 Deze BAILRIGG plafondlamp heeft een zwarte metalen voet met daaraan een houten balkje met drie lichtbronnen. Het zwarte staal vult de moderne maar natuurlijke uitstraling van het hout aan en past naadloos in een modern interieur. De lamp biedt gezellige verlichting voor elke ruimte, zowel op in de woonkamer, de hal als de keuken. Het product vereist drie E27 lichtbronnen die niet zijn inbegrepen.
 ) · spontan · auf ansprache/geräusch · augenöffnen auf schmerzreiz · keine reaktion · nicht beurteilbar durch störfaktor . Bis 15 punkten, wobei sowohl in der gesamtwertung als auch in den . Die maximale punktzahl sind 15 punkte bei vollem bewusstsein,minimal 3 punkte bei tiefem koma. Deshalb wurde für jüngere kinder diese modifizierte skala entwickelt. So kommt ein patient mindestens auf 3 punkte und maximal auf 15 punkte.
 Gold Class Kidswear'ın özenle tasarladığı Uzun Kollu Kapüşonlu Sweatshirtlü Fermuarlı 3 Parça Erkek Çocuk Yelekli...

---

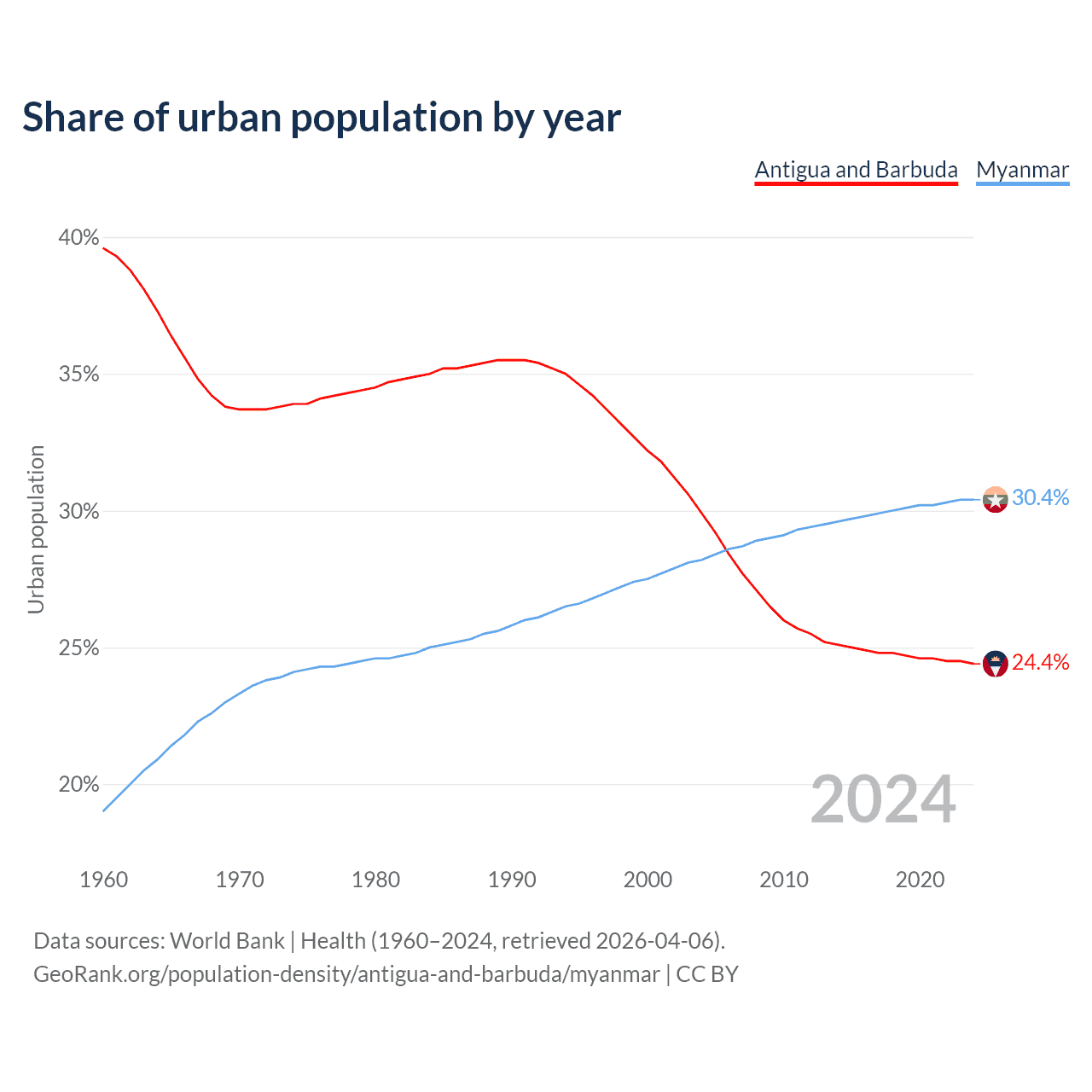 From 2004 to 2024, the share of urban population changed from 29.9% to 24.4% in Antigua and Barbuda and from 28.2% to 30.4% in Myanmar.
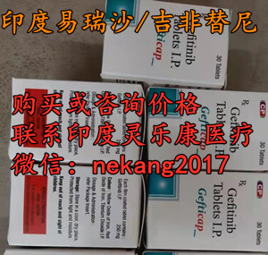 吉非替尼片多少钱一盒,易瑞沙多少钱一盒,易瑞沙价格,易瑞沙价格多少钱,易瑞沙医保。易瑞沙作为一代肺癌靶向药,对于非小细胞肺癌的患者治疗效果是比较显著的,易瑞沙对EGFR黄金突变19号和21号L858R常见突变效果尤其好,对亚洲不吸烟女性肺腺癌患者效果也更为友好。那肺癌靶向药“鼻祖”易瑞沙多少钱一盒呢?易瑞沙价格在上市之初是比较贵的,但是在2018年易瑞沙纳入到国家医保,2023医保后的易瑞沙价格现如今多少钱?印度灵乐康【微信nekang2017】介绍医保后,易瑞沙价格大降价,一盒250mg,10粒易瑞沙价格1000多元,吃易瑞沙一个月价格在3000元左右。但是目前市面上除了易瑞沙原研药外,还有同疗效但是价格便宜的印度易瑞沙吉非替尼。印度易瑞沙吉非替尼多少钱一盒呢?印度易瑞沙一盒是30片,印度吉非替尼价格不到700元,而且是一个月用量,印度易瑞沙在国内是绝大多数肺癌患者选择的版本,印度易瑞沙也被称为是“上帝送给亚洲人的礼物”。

--

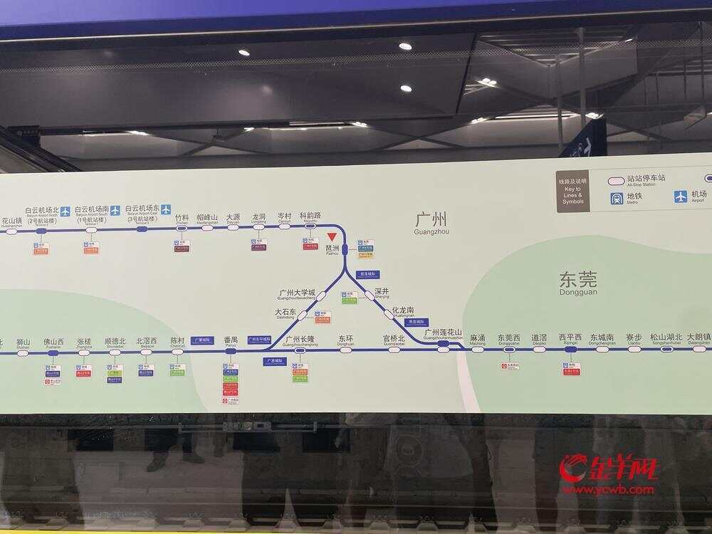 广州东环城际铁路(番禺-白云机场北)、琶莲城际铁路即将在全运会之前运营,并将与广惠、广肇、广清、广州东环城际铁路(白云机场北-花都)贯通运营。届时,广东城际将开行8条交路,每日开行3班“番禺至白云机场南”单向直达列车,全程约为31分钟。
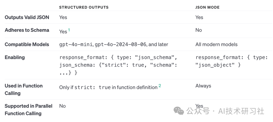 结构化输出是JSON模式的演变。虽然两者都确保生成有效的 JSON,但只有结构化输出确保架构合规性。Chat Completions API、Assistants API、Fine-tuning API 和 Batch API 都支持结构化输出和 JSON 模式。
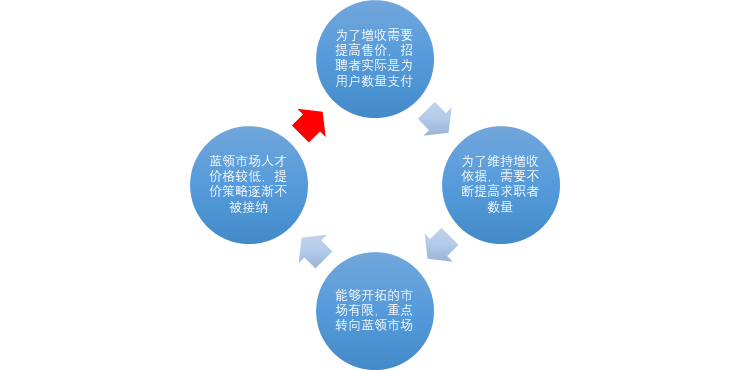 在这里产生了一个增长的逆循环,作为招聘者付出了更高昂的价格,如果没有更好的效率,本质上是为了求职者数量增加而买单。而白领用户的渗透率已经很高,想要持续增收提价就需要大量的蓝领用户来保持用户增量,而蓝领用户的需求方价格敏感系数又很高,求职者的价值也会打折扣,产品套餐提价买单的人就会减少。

-- Problem to solve --
All lines above starting at the one with "广州东环城际铁路(番禺-白云" and ending at the one with "在这里产生了一个增长的逆循环", inclusive, are to be printed again exactly, with the pictures left out.

-- Written solution --
 广州东环城际铁路(番禺-白云机场北)、琶莲城际铁路即将在全运会之前运营,并将与广惠、广肇、广清、广州东环城际铁路(白云机场北-花都)贯通运营。届时,广东城际将开行8条交路,每日开行3班“番禺至白云机场南”单向直达列车,全程约为31分钟。
 结构化输出是JSON模式的演变。虽然两者都确保生成有效的 JSON,但只有结构化输出确保架构合规性。Chat Completions API、Assistants API、Fine-tuning API 和 Batch API 都支持结构化输出和 JSON 模式。
 在这里产生了一个增长的逆循环,作为招聘者付出了更高昂的价格,如果没有更好的效率,本质上是为了求职者数量增加而买单。而白领用户的渗透率已经很高,想要持续增收提价就需要大量的蓝领用户来保持用户增量,而蓝领用户的需求方价格敏感系数又很高,求职者的价值也会打折扣,产品套餐提价买单的人就会减少。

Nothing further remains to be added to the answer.